DIRECTIONS :: Would you please transcribe the records below from the line with "FLASH: 5 BLs, 180 eV" through their final line, exactly and with no other lines?

[Stored items from a collection]
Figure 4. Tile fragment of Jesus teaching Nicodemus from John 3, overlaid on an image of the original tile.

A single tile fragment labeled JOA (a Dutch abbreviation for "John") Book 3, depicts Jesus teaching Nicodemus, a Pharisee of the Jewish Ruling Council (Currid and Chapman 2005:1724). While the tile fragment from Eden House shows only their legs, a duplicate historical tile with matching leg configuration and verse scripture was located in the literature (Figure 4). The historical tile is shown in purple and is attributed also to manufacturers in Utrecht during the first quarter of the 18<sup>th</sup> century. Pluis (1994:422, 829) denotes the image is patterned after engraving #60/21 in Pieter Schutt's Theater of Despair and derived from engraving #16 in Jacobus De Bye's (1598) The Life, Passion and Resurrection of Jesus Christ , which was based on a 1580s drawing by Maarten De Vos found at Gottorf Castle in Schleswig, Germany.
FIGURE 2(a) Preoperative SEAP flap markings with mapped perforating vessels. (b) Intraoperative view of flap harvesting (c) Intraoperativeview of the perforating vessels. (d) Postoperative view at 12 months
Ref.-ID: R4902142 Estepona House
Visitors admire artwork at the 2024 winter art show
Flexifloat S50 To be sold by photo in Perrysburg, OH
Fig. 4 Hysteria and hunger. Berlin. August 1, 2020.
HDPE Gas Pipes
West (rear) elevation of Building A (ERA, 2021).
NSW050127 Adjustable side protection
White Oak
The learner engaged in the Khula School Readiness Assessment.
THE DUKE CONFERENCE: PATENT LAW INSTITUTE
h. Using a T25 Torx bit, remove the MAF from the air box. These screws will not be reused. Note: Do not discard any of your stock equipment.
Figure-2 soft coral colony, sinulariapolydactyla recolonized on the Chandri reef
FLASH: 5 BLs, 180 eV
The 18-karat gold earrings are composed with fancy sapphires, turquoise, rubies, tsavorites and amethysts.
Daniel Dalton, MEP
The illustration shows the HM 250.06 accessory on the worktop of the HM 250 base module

OUTPUT OF THE EXERCISE ::
FLASH: 5 BLs, 180 eV
The 18-karat gold earrings are composed with fancy sapphires, turquoise, rubies, tsavorites and amethysts.
Daniel Dalton, MEP
The illustration shows the HM 250.06 accessory on the worktop of the HM 250 base module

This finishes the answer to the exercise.